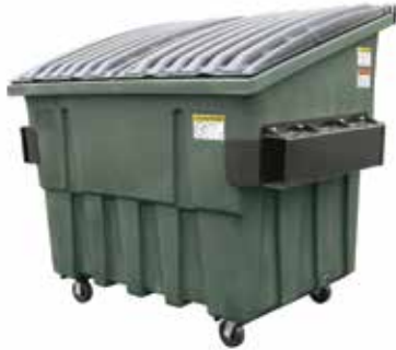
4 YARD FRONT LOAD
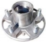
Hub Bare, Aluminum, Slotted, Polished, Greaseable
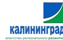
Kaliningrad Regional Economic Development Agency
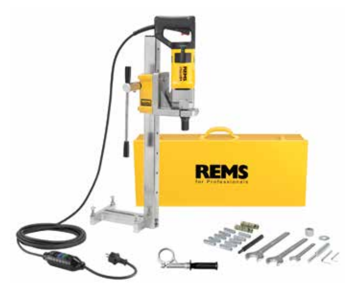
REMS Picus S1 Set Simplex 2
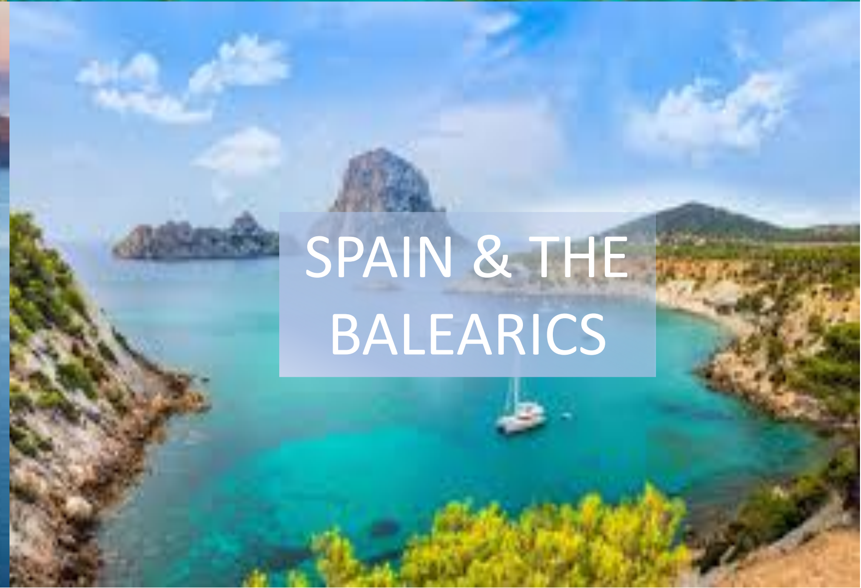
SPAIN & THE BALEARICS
==
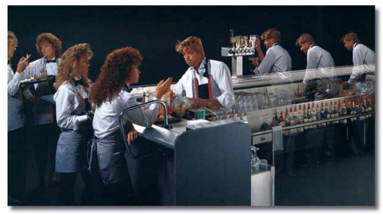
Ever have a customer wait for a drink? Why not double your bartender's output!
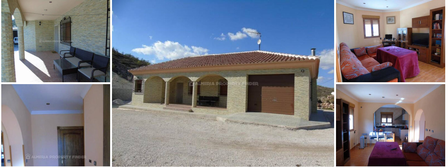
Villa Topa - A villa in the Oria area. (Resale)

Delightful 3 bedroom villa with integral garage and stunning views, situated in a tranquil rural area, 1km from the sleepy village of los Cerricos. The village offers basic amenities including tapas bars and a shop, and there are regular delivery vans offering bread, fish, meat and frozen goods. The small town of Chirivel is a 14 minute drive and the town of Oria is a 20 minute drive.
---
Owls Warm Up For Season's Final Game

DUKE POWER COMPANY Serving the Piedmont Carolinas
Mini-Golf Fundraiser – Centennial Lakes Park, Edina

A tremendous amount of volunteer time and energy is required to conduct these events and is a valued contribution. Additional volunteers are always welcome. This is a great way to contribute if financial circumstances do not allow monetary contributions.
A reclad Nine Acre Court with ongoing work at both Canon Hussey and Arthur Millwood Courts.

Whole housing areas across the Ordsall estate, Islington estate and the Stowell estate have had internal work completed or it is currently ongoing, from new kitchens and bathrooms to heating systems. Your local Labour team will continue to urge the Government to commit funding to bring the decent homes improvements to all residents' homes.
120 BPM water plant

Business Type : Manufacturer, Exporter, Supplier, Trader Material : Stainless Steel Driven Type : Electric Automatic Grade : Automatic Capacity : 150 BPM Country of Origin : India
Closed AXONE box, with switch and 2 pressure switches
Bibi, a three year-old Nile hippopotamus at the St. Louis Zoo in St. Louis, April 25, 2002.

* Aim of the task
Would you print, exactly as written, every line above from the one holding "Villa Topa - A" through the one holding "Delightful 3 bedroom", with both included and no other lines?

* Task response
Villa Topa - A villa in the Oria area. (Resale)

Delightful 3 bedroom villa with integral garage and stunning views, situated in a tranquil rural area, 1km from the sleepy village of los Cerricos. The village offers basic amenities including tapas bars and a shop, and there are regular delivery vans offering bread, fish, meat and frozen goods. The small town of Chirivel is a 14 minute drive and the town of Oria is a 20 minute drive.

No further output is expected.